What the Market Is Saying
It's worth noting the discussion hasn't settled even among practitioners who have looked closely at the data. Some in the SEO community have pointed out that Chrome auditing for the file at all, even as a minor agentic-browsing check, suggests the file could become a more meaningful layer for AI discoverability over time, rather than dismissing it outright. Others maintain it's currently indistinguishable from a low-priority "nice-to-have" technical file. Both positions are reasonable readings of an evolving, still-thin evidence base — which is exactly why we'd caution against anyone declaring the debate closed in either direction.
What to Actually Prioritise Instead
Every study cited above arrives at roughly the same closing recommendation, and it's not a new one: the fundamentals still decide AI visibility, with or without llms.txt.
- ✓ Publish original, experience-backed content rather than commodity summaries
- ✓ Maintain clean technical SEO — crawlability, indexability, fast pages (the basic housekeeping that makes a website easy for any search engine, AI or otherwise, to read properly)
- ✓ Build genuine topical authority through connected content, not isolated articles
- ✓ Use structured data and schema markup where relevant (extra labels added to a webpage's code that tell search engines exactly what each piece of content is — a price, a review, a business address — rather than making them guess)
- ✓ Earn third-party validation — mentions, citations, and authority signals beyond your own site
If you want a deeper breakdown of how those fundamentals translate specifically into AI search visibility, our guides on optimising your website for AI search and measuring AI SEO performance go into the parts of this that the data actually supports.
Final Thoughts
Llms.txt is not a scam, and it is not robots.txt. It's a small, genuinely low-effort file with a narrow, mostly developer-facing purpose that got swept into the AI SEO hype cycle faster than anyone had data to support it. The two largest independent studies done on it so far — 137,000 domains and 300,000 domains respectively — both arrive at the same place: no detectable AI visibility benefit today.

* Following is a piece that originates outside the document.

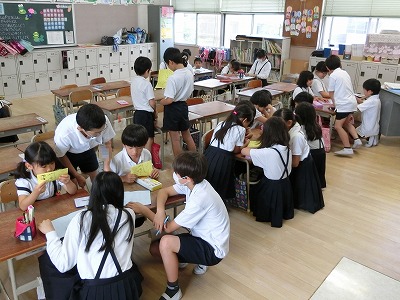 同じたて割り班内の1年生と6年生、2年生と4年生、3年生と5年生がそれぞれAとBのグループでお店を巡っていきます。

That could change. Google itself leaves the door open, and Chrome's Lighthouse audit shows at least one part of the ecosystem is paying attention to it for agentic use cases. But "might matter eventually" is a different claim from "you need this now," and right now, the second claim isn't supported by the evidence. Spend the bulk of your effort on the fundamentals. Add the file if it costs you nothing to do so. Don't let anyone sell it to you as the new robots.txt.